You lose some things: automatic retries, built in evaluation hooks, swappable components. But you can add those yourself in 10 lines each when you actually need them.

The 2026 Reality: Agent SDKs Are Changing Everything

Something interesting happened in 2025 and 2026. OpenAI shipped the Agents SDK. Anthropic shipped the Claude Agent SDK. Google shipped ADK. These are lightweight, provider specific orchestration layers that handle the agent loop for their own models.

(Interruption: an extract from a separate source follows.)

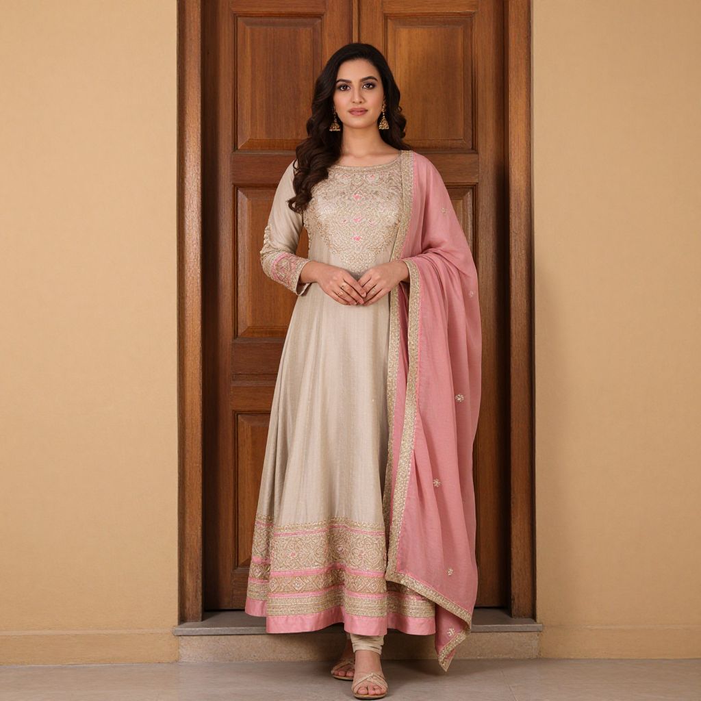 Photograph of a young woman with long, wavy dark hair, standing in front of a wooden door. She wears a traditional Indian outfit: a cream-colored, long-sleeved, full-length kurta with intricate gold embroidery on the chest and hem, paired with a pink dupatta (shawl) adorned with gold borders. Her dupatta is draped over her right shoulder and her left hand holds the edge. She wears strappy, gold sandals. The background is a plain, beige wall. She has a fair complexion and is looking directly at the camera with a gentle smile. The lighting is warm, highlighting her attire and features.

They're not trying to be everything like LangChain. They handle the specific problem of "call the model, execute tools, loop back" with native support for their model's strengths.

Approach

When to pick it

Complexity

Flexibility

Raw API calls

Starting out, simple apps, learning

Low

Maximum

Provider Agent SDK

Single provider, need agents

Low to medium

Provider locked

LlamaIndex

Complex retrieval, document heavy apps

Medium

RAG focused

LangChain / LangGraph

Multi provider agents, complex workflows

High

Maximum

LlamaIndex + LangGraph

Production RAG with agent orchestration

High

Maximum

A pattern I'm seeing in production teams: LlamaIndex for the retrieval layer (chunking, embedding, retrieval, reranking) and LangGraph for the orchestration layer (tool calling, state management, human checkpoints). Best of both, but only when the app is complex enough to justify it.

The Decision Framework

  1. If you're learning AI engineering, start with raw API calls. Build a chatbot. Build a RAG pipeline. Build an agent. All from scratch. You'll understand what every framework is doing under the hood, and you'll make better decisions about when to use one.

  2. If you're building a production RAG system with complex documents, look at LlamaIndex. Its retrieval primitives will save you time, and retrieval quality is the single biggest lever in any RAG app.

  3. If you're building a multi tool agent that needs state management, branching logic, and human in the loop, look at LangGraph. Skip legacy LangChain chains. LangGraph is the part that actually solves hard problems.